We have asked the organisation to provide us with evidence that they have implemented the recommendations we have made on this case by the deadline we set.

  • Case ref:
    201703963
  • Date:
    July 2018
  • Body:
    Highland NHS Board
  • Sector:
    Health
  • Outcome:
    Not upheld, no recommendations
  • Subject:
    clinical treatment / diagnosis

Summary

Mrs C complained that the care and treatment she received at Raigmore Hospital, in relation to problems with her gallbladder, was unreasonable. She said that on several occasions she attended an out-of-hours GP and the emergency department but her symptoms were not investigated and as a result, when she was diagnosed with cholecystitis (inflammation of the gallbladder), the surgery was complicated and her recovery was difficult.

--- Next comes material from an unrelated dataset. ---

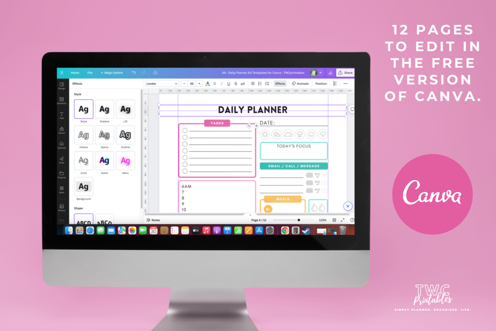 - Customize your planner inside Canva

We took independent advice from a GP, a consultant in emergency medicine, and a surgeon. We found that the care and treatment provided to Mrs C was of a reasonable standard and there was no indication of gallbladder problems at her attendances prior to the diagnosis of cholecystitis. We did not uphold Mrs C's complaint.

  • Case ref:
    201707258
  • Date:
    July 2018
  • Body:
    Greater Glasgow and Clyde NHS Board - Acute Services Division
  • Sector:
    Health
  • Outcome:
    Not upheld, no recommendations
  • Subject:
    appointments / admissions (delay / cancellation / waiting lists)

Summary

Miss C complained about the length of time which she was going to have to wait for an appointment at an orthopaedic clinic (a clinic for conditions involving the musculoskeletal system). Following a car accident a number of years ago Miss  C had seen a number of health professionals. She also took numerous forms of medication but remained in severe pain. Her GP referred her to the orthopaedic clinic and the referral was marked as routine. After six months Miss  C had not received an appointment date. Her GP made a further referral to orthopaedics, and was told that the current waiting time was 48 weeks. Miss  C complained that, despite two referrals from her GP, her case was not being treated as urgent by the board.

We took independent advice from an adviser in orthopaedic medicine. We found that, although the board had not managed to arrange the orthopaedic appointment within the treatment time guarantee, they had apologised for the delay and had explained what action they were taking in an effort to reduce waiting times. We found that the board had correctly classified both of the GP referral letters as routine rather than urgent based on the information provided by the GP. We did not uphold the complaint.

  • Case ref:
    201706505
  • Date:
    July 2018
  • Body:
    Greater Glasgow and Clyde NHS Board - Acute Services Division
  • Sector:
    Health
  • Outcome:
    Not upheld, no recommendations
  • Subject:
    admission / discharge / transfer procedures

Summary

Mrs C complained about the treatment she received at the Queen Elizabeth University Hospital following a hysterectomy (surgical removal of the uterus). The morning following the surgery Mrs C received a blood thinning injection and when she was discharged later that afternoon she was given an information leaflet on exercises to undertake at home. Just over a week following the discharge, Mrs  C developed breathing difficulties and a high temperature and attended hospital where it was found she had suffered a pulmonary embolism (a blockage of an artery in the lungs) and required further blood thinning injections. Mrs C felt that she was not given sufficient blood thinning injections following the surgery and that she had been discharged home too early.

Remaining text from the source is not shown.